• [Problem description]: In the material below, find the line containing "iPad ペーパーライク フィルム" and the line containing "김말이와 버섯을 바싹 구웠더니 은근 혐이네요 ㄷ ㄷ ㄷ", then reproduce exactly both of them and every line between, and nothing else.

• [Data for analysis]:
□ □ □
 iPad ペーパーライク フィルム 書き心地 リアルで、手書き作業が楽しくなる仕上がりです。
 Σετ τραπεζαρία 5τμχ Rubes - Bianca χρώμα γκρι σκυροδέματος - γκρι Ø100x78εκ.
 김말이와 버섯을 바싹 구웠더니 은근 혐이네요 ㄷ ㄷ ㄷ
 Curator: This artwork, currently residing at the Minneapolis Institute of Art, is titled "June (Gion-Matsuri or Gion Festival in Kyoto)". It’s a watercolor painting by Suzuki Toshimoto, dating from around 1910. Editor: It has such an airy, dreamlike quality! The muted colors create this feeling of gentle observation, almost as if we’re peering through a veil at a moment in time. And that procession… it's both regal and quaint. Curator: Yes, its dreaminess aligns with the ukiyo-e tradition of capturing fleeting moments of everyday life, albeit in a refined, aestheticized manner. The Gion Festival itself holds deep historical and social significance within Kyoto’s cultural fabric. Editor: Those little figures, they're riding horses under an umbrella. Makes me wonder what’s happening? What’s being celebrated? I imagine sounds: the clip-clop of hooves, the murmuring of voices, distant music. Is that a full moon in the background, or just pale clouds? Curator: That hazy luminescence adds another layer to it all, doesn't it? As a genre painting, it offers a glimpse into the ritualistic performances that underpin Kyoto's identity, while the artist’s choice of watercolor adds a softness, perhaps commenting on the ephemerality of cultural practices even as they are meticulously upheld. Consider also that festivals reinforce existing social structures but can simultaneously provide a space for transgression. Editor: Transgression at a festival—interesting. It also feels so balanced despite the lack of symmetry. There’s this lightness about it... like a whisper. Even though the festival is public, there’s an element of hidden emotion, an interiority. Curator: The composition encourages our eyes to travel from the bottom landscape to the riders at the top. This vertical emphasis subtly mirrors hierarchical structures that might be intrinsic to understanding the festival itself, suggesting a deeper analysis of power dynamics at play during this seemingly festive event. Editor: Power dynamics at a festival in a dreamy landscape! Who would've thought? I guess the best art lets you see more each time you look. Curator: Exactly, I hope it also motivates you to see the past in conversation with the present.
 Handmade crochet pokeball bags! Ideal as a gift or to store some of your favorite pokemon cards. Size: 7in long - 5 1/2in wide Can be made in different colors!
□ □ □
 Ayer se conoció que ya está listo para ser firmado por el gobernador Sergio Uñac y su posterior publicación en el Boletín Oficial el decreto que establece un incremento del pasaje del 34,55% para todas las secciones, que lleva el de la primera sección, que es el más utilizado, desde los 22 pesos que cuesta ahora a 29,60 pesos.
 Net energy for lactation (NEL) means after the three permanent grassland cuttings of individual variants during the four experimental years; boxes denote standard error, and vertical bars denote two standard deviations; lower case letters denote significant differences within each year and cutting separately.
□ □ □
• [Result below]:
 iPad ペーパーライク フィルム 書き心地 リアルで、手書き作業が楽しくなる仕上がりです。
 Σετ τραπεζαρία 5τμχ Rubes - Bianca χρώμα γκρι σκυροδέματος - γκρι Ø100x78εκ.
 김말이와 버섯을 바싹 구웠더니 은근 혐이네요 ㄷ ㄷ ㄷ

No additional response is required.